The Trek to Elk Mountain

Bill Jones makes daily commute from Laramie to Elk Mountain to open Bow River Crossing

Bill Jones is part owner of Bow River Crossing, the convenience store in the town of Elk Mountain that has been open for about a year and a half.

What is remarkable about Jones is that he lives in Laramie and has only missed coming in to run the store once until this past February. That one time was due to road closures. He does admit that there were a couple times, if roads were bad, he had some people that would open the store for him. All and all, he said the first year he was able to make it in.

It is a record he is pleased to tell people. In general, he has always found a way to get to Elk Mountain, using back roads or by beating the weather before it closed everything down.

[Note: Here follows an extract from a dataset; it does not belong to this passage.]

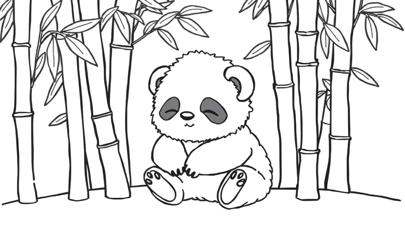 Gratis te downloaden zwart-witte lijntekening van een vredige, pluizige panda die zit te midden van hoge bamboestengels. Perfect voor uren kleurplezier voor jong en oud!

"I have been lucky that I beat the closings of the interstate, or I used roads that take longer, but I got here," Jones said. "It probably helped some days it was really bad, it wasn't a day to work."

Once making it in, he said that he always made it home.

"I have taken US 30 when it wasn't much fun, but I eventually made it," Jones said. "I have followed trucks going six miles an hour, hoping they wouldn't go off the road because, if they did, I might."

He grew up in Elk Mountain and is used to the bad weather conditions Carbon County can put forth. Jones knows patience is the key.

Jones also admitted a lot of his travel has involved luck. Westbound on the interstate might be open with eastbound shut and other times it would be the other way.

His luck ran out recently when in the month of February, the interstate and roads he had always used started shutting down.

"I haven't seen the winds be this brutal in all the years, I lived here," Jones said. "There has been this much snow before, but it is the winds that changed so much this year."

Jones great record got crushed during the month of February and early March.

"I missed two days the first week in March alone," Jones said. "Some of the days I missed were due to wrecks closing down the interstate and then there was a rolling closure to other roads."

He said the accidents seem worse in recent years. Jones said it might be because truckers don't use Citizen Band (CB) radios as much with the advent of cell phones.

The CB radio was the most popular way truckers use to communicate with each other before the 2000s. The CB radio is not completely dead but there are a lot of other ways to communicate thanks to social media and the rise of cell phones. Unfortunately cell phone coverage along Interstate 80 is spotty and warnings about accidents are usually for locals.

Jones can't say for sure why the wrecks seem to have been worse this year, but between them and weather closures for roads, his record for not missing days is gone.

And it happened in one month.

Jones said he really doesn't care his record is gone. He is happy that April is coming and, although roads can still close, winter is probably on the ebb.

"What is important is that you drive safe," Jones said. "I was lucky for a long time but I realize you have to respect mother nature when she says you are going nowhere."